2025年7月20日に投開票を控えた第27回参議院選挙では、外国人によって日本人の権益が奪われているという分かりやすい論理に基づいて、排外主義を強く主張する候補者が複数現れ、外国人を排すべきとの主張が国民に提示されている。かかる動きによって、自民党は、「違法外国人ゼロ」を掲げ、日本維新の会も「外国人の無秩序な増加や地域摩擦の弊害」「外国人による違法行為の増加に対応し、入管庁・地方局の体制強化や警察・自治体との連携で迅速な対処を図」るべきであるなど、外国人を排斥する政策を主張するに至っている。参政党は、「日本人ファースト」を掲げ、国益を重視するとの外国人政策を主張しており、これらの政党が外国人をいかに規制するかを競い合う状況が生み出されている。これらの主張は、外国人を違法行為などと結びつけ、ひとくくりに日本社会から排除すべきものと国民に印象づけるものであり、法の下の平等を定めた憲法14条の理念とは相容れない発想というべきである。選挙運動中、各政党が政策を訴える中で、外国人労働者によって日本人の賃金が上がらない、日本の治安が外国人によって悪化しているなどといった虚偽の内容を含む演説が堂々と行われている現状があるが、これらの言説は外国人に対する差別を肯定し、外国人を排斥する主張、ヘイトスピーチにほかならない。

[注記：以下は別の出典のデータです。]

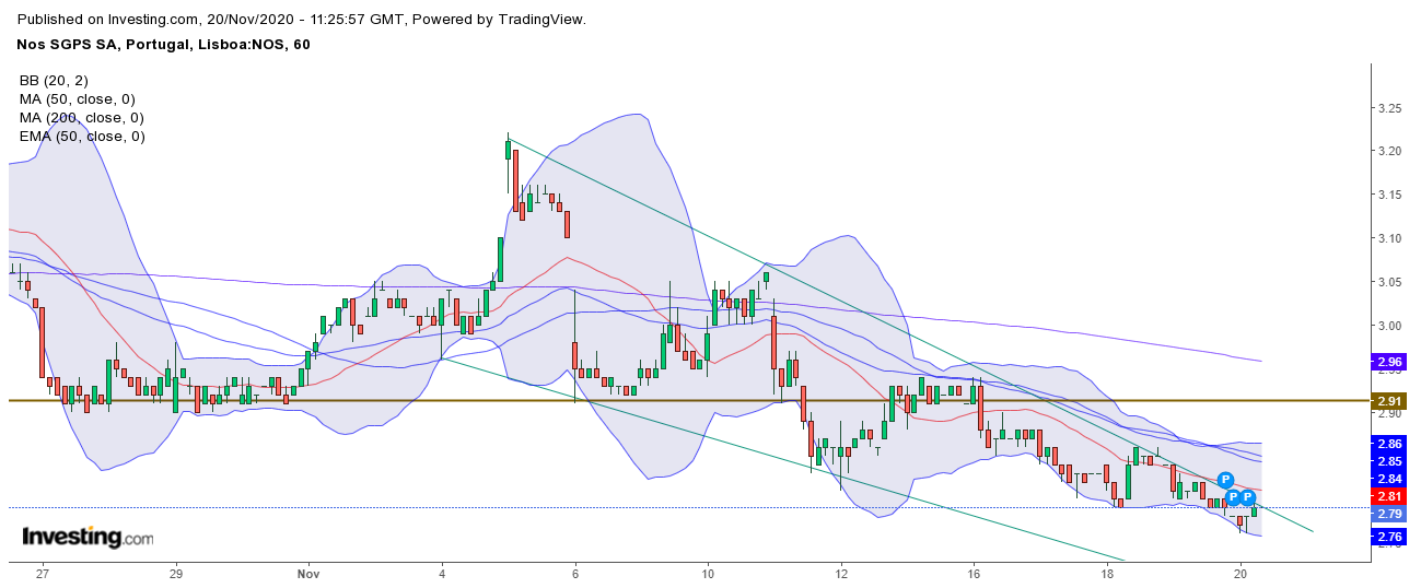 Apesar das duas últimas semanas terem sido excelentes para a Bolsa portuguesa, a Nos não conseguiu acompanhar esse movimento, continuando a sua trajectória descendente. Mais um sinal de fraqueza relativa para a acção.

日本社会では、2000年頃から、人種や民族、国籍などの属性に基づいて、差別や憎悪を煽るヘイトスピーチが顕在化してきた。朝鮮半島出身者である在日コリアンらに対する排外主義の街頭演説やデモが、集住地区で行われたことは記憶に新しい。その後、2016年にはヘイトスピーチ解消法が制定されたが、それでもなお、日本社会においてヘイトスピーチはやむことはなく、インターネット上でも、外国籍者や外国にルーツを持つ人々へのヘイトスピーチは止んでいない。

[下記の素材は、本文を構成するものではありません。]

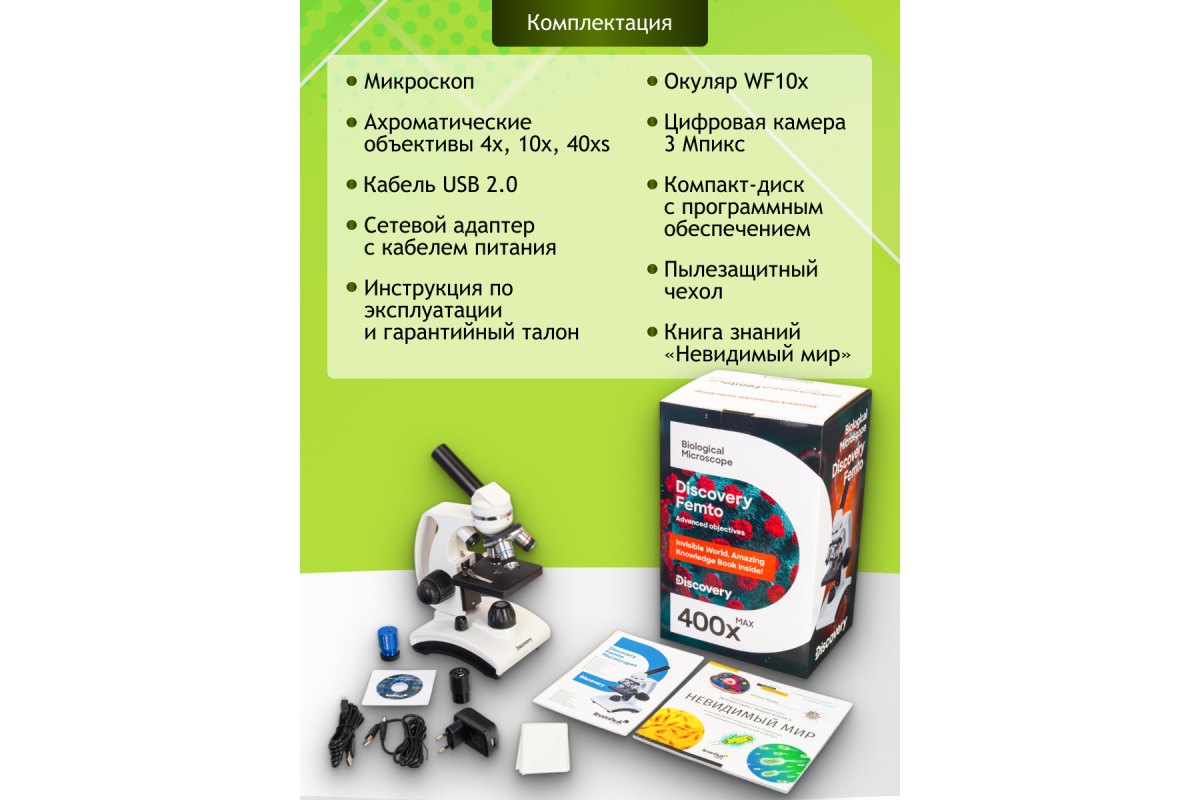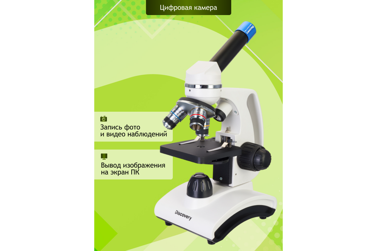 Цифровой микроскоп Levenhuk Discovery Femto Polar – это возможность не только визуально изучать микропрепараты, но и создавать цифровые архивы своих исследований. Благодаря камере 3 Мпикс этот микроскоп умеет выводить картинку с объектива на экран компьютера, делать фото и записывать видео. Камера значительно расширяет возможности прибора, что делает его отличным выбором для учебы и научного хобби. К тому же в комплектацию включена красочная познавательная книга о микромире.

本来、政治は、このような人種差別や民族差別を是正し、多文化共生社会の実現のために尽力すべきであるにもかかわらず、選挙運動においてヘイトスピーチを行い、露骨な排外主義政策を主張し扇動することは到底許されるものではない。政治家のヘイトスピーチについては、2014年の国連人種差別撤廃委員会においても懸念が示され、日本政府に対して「ヘイトスピーチを広めたり、憎悪を扇動した公人や政治家に対して適切な制裁措置をとることを追求すること」を勧告されているところであり、これは選挙運動においても何ら異なるものではない。
民主法律協会は、外国人労働者の権利を擁護する活動に取り組む団体として、選挙運動においてヘイトスピーチが繰り返され、日本社会から外国人を排斥しようとする排外主義が拡大している現状に強く抗議するとともに、国政選挙においては、国籍にかかわらず全ての人が日本社会で平穏に生活できる共生社会を実現できる政治が前進するべきであることを強く訴える。